Raw data:
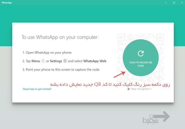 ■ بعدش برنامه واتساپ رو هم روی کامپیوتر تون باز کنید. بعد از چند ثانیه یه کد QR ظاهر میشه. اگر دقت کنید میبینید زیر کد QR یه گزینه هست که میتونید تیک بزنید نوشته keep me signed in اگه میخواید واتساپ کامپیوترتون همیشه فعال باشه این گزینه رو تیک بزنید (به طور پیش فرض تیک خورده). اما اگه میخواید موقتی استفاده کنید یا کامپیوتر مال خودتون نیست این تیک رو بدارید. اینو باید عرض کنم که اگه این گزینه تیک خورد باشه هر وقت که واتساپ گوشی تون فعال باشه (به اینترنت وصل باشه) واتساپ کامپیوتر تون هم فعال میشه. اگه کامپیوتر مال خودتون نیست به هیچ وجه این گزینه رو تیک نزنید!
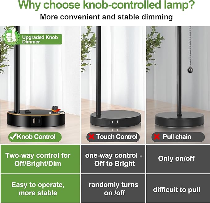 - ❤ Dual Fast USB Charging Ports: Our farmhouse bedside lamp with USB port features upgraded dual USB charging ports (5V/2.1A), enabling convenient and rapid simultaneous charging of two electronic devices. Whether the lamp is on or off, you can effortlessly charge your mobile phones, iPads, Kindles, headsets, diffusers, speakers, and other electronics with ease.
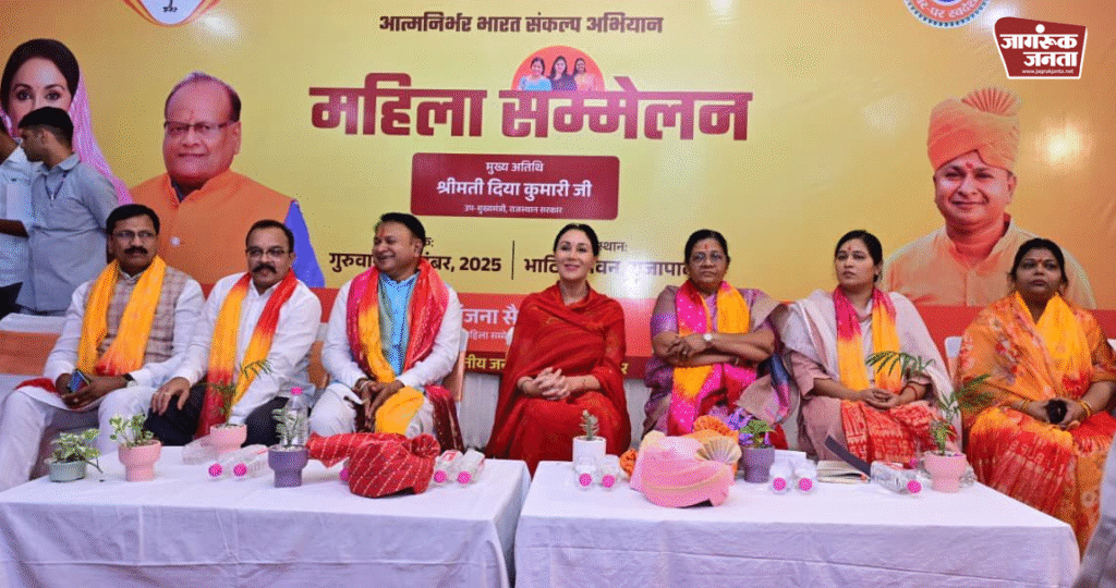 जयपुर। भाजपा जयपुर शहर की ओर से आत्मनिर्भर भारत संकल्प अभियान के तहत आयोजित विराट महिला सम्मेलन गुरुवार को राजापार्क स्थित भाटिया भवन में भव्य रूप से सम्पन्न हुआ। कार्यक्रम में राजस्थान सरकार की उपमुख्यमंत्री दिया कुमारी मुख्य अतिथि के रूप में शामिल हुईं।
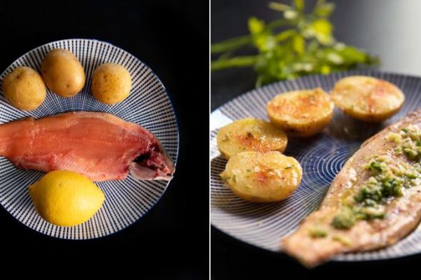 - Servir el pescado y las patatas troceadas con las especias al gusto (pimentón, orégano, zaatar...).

Activity:
Retype the whole listing. Keep every word exact but include no pictures.

Exercise answer:
 ■ بعدش برنامه واتساپ رو هم روی کامپیوتر تون باز کنید. بعد از چند ثانیه یه کد QR ظاهر میشه. اگر دقت کنید میبینید زیر کد QR یه گزینه هست که میتونید تیک بزنید نوشته keep me signed in اگه میخواید واتساپ کامپیوترتون همیشه فعال باشه این گزینه رو تیک بزنید (به طور پیش فرض تیک خورده). اما اگه میخواید موقتی استفاده کنید یا کامپیوتر مال خودتون نیست این تیک رو بدارید. اینو باید عرض کنم که اگه این گزینه تیک خورد باشه هر وقت که واتساپ گوشی تون فعال باشه (به اینترنت وصل باشه) واتساپ کامپیوتر تون هم فعال میشه. اگه کامپیوتر مال خودتون نیست به هیچ وجه این گزینه رو تیک نزنید!
 - ❤ Dual Fast USB Charging Ports: Our farmhouse bedside lamp with USB port features upgraded dual USB charging ports (5V/2.1A), enabling convenient and rapid simultaneous charging of two electronic devices. Whether the lamp is on or off, you can effortlessly charge your mobile phones, iPads, Kindles, headsets, diffusers, speakers, and other electronics with ease.
 जयपुर। भाजपा जयपुर शहर की ओर से आत्मनिर्भर भारत संकल्प अभियान के तहत आयोजित विराट महिला सम्मेलन गुरुवार को राजापार्क स्थित भाटिया भवन में भव्य रूप से सम्पन्न हुआ। कार्यक्रम में राजस्थान सरकार की उपमुख्यमंत्री दिया कुमारी मुख्य अतिथि के रूप में शामिल हुईं।
 - Servir el pescado y las patatas troceadas con las especias al gusto (pimentón, orégano, zaatar...).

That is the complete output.